Several nonoperative treatment options are available that help avoid the inherent risks of surgery. However, arthroscopic evaluation and repair has become the gold standard for treatment because it allows for superior diagnostic capability and surgical versatility. Outcomes generally are favorable with a low incidence of complications, but total recovery may take longer than traditionally thought. Although most function usually is regained within 6 months, some gains in strength and motion have been documented at up to 2 years after surgery.
This 2-part article discusses and presents a rationale for patient evaluation and management of rotator cuff disease. In the first part ("Taking a closer look at rotator cuff disorders," The Journal of Musculoskeletal Medicine, October 2008, page 481), I reviewed the anatomy and pathogenesis of various types of rotator cuff disease and approaches to evaluation. This second part describes nonoperative and operative treatment options.
NONOPERATIVE TREATMENT Weighing the risks
Although nonoperative treatment helps avoid the risks of surgery, failed nonoperative treatment results in continued or recurrent symptoms or in progression of pathology, leading to eventual surgical treatment, possibly after irreversible changes have occurred in the rotator cuff. When counseling patients about treatment options, it is important to characterize a cuff disorder with respect to the patient's age, the tear size, the injury mechanism, chronicity, and muscle atrophy/fatty infiltration. Within this framework, the overall risk of irreversible changes to the cuff with continued nonoperative treatment is weighed against the potential for improvement with continued nonoperative treatment.
Tendinitis or partial-thickness tears probably will improve rapidly with nonoperative treatment. Therefore, a period of nonoperative treatment may be offered to a patient with little risk of progression of the pathology. In addition, a 67% success rate with nonoperative management of these conditions has been reported, with only 18% recurrence for an average of 2 years. (1)

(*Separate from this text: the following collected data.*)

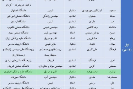 حضور دکتر نوشین محمدیفرد در گروه نخست سرآمدان علمی کشور با بالاترین کیفیت آثار پژوهشی
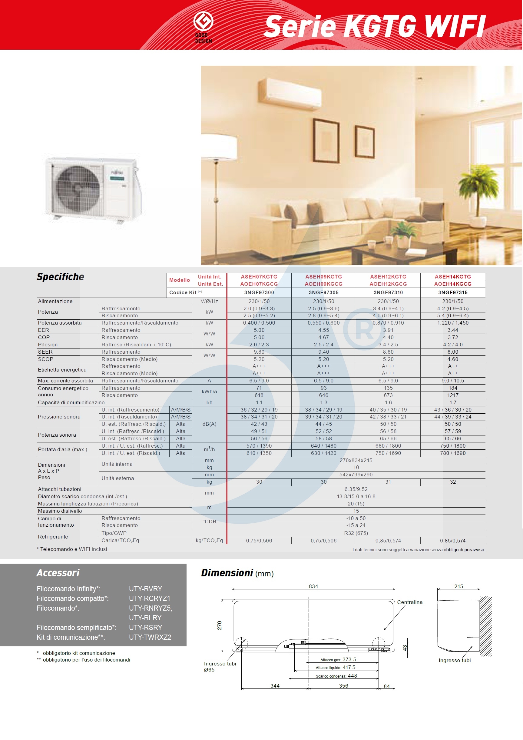 Klimaanlagen Fujitsu Mono Split Serie KGTG WiFi 9000 Btu Heizung mit Wärmepumpe mit Niedrigenergieverbrauch Invertertechnologie
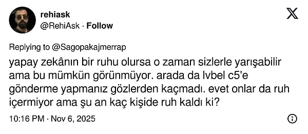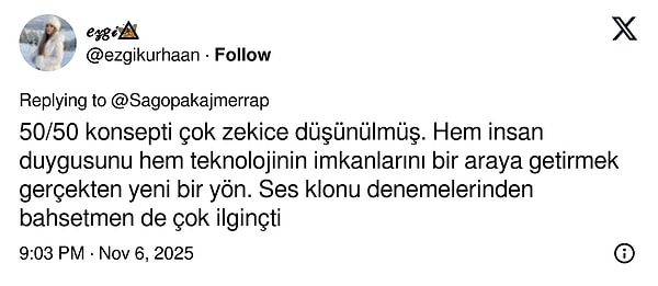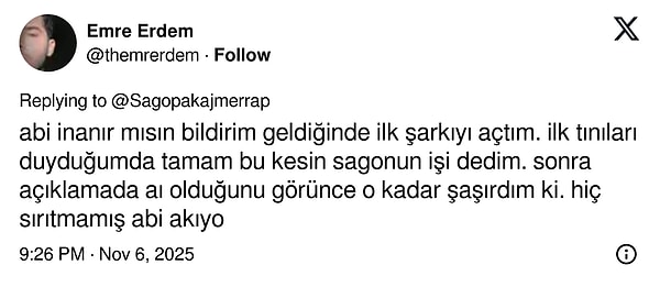 'İçinde bulunduğumuz zamanın en çok konuşulan konularından birisi şüphesiz ki yapay zeka. Müzikteki yapay zeka etkisini görüp işin derinine indikçe benim için de görüntü daha da netleşti. Müzik konusunda eksik ve cidden hacimsiz yeni prodüktörlerin şaşırtıcı ve kendilerini aşan kalitede beatler, müzikler ortaya koyması, bana 2019 senesinden beri ''bu işte bir iş var.'' dedirtiyordu.
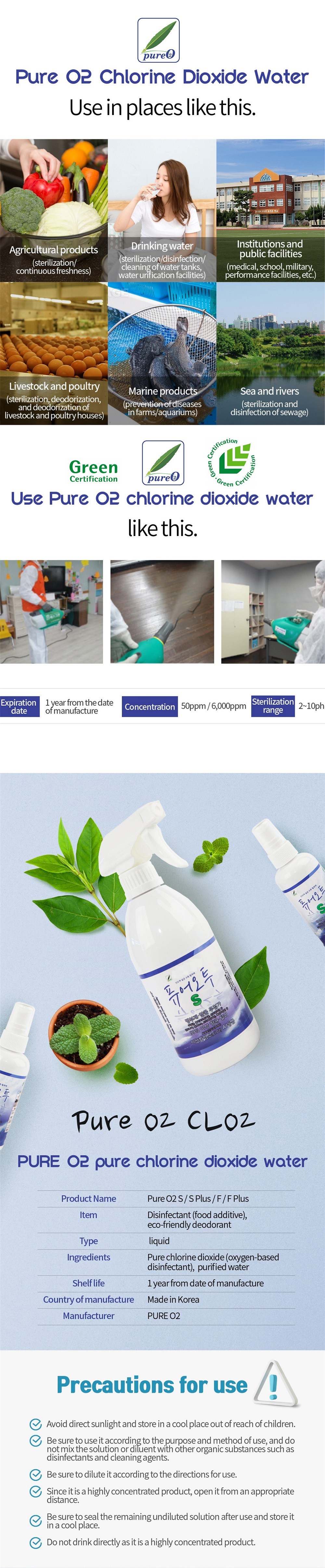 Pure chlorine dioxide water S(s) 100ml spray
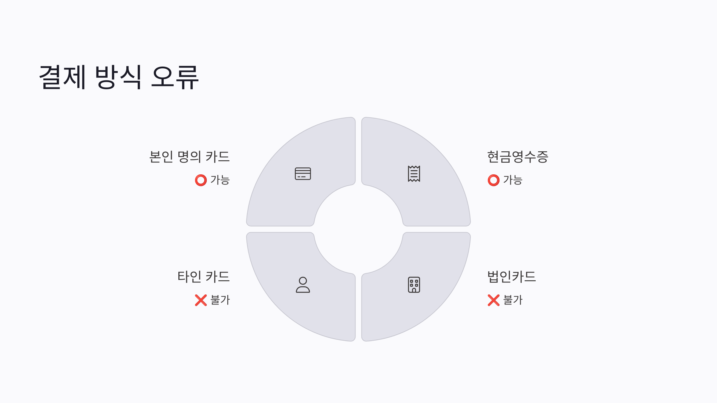 | 법인카드 / 타인 카드 | ❌ 불가 |

Small to medium-size tears (2 to 3 cm), existing tears with a recent loss of function, and full-thickness tears of any size in a young, active person (younger than 60 years) are at risk for progression if early nonoperative therapy is not successful. In this age-group, prolonged nonoperative treatment has a low success rate and carries a risk of leading to irreversible changes in the tendon and muscle or progression of the tear, which may complicate the eventual surgical repair. For these patients, early surgical treatment after a short course of nonoperative treatment is preferable.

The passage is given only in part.